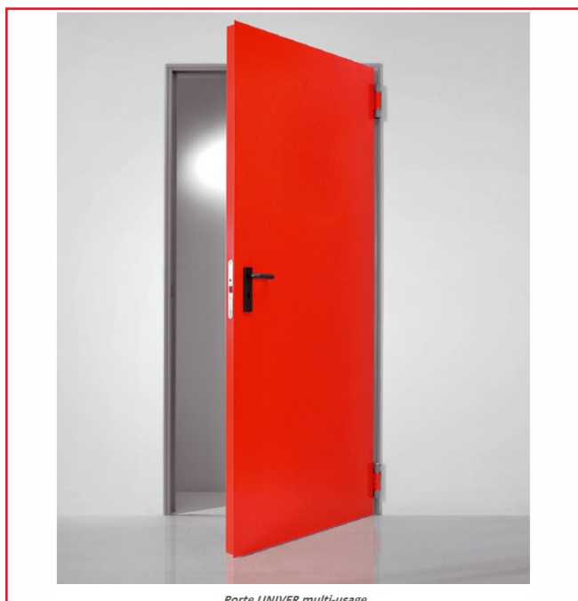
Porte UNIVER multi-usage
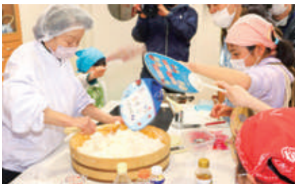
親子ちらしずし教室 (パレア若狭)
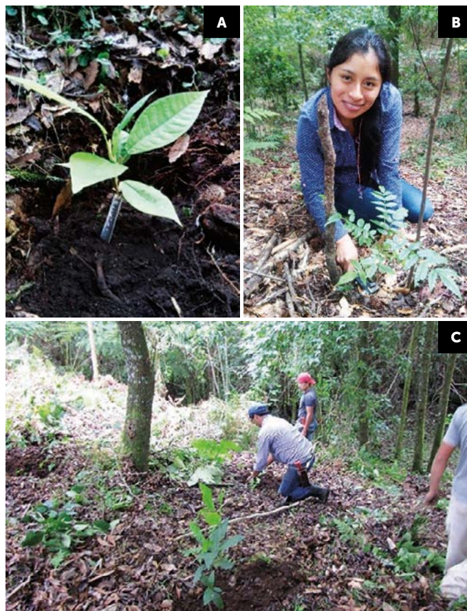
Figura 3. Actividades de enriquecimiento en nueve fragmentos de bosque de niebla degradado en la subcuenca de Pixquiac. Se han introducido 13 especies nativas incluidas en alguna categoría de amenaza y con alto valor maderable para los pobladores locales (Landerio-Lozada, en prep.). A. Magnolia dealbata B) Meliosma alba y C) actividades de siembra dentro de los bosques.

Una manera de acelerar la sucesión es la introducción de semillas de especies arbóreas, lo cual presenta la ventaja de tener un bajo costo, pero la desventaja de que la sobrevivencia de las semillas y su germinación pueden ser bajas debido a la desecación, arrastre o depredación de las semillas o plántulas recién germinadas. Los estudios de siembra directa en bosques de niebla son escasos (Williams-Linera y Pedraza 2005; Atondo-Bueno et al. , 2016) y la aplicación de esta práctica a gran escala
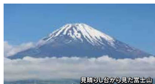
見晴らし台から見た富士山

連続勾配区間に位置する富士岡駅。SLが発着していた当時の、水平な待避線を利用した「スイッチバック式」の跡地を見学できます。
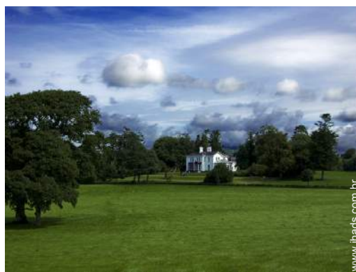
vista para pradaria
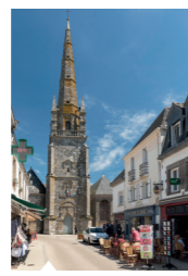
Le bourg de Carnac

########################################

*Activity:*
Every line that includes "especies" must be copied from the material above.

*Exercise result:*
Figura 3. Actividades de enriquecimiento en nueve fragmentos de bosque de niebla degradado en la subcuenca de Pixquiac. Se han introducido 13 especies nativas incluidas en alguna categoría de amenaza y con alto valor maderable para los pobladores locales (Landerio-Lozada, en prep.). A. Magnolia dealbata B) Meliosma alba y C) actividades de siembra dentro de los bosques.
Una manera de acelerar la sucesión es la introducción de semillas de especies arbóreas, lo cual presenta la ventaja de tener un bajo costo, pero la desventaja de que la sobrevivencia de las semillas y su germinación pueden ser bajas debido a la desecación, arrastre o depredación de las semillas o plántulas recién germinadas. Los estudios de siembra directa en bosques de niebla son escasos (Williams-Linera y Pedraza 2005; Atondo-Bueno et al. , 2016) y la aplicación de esta práctica a gran escala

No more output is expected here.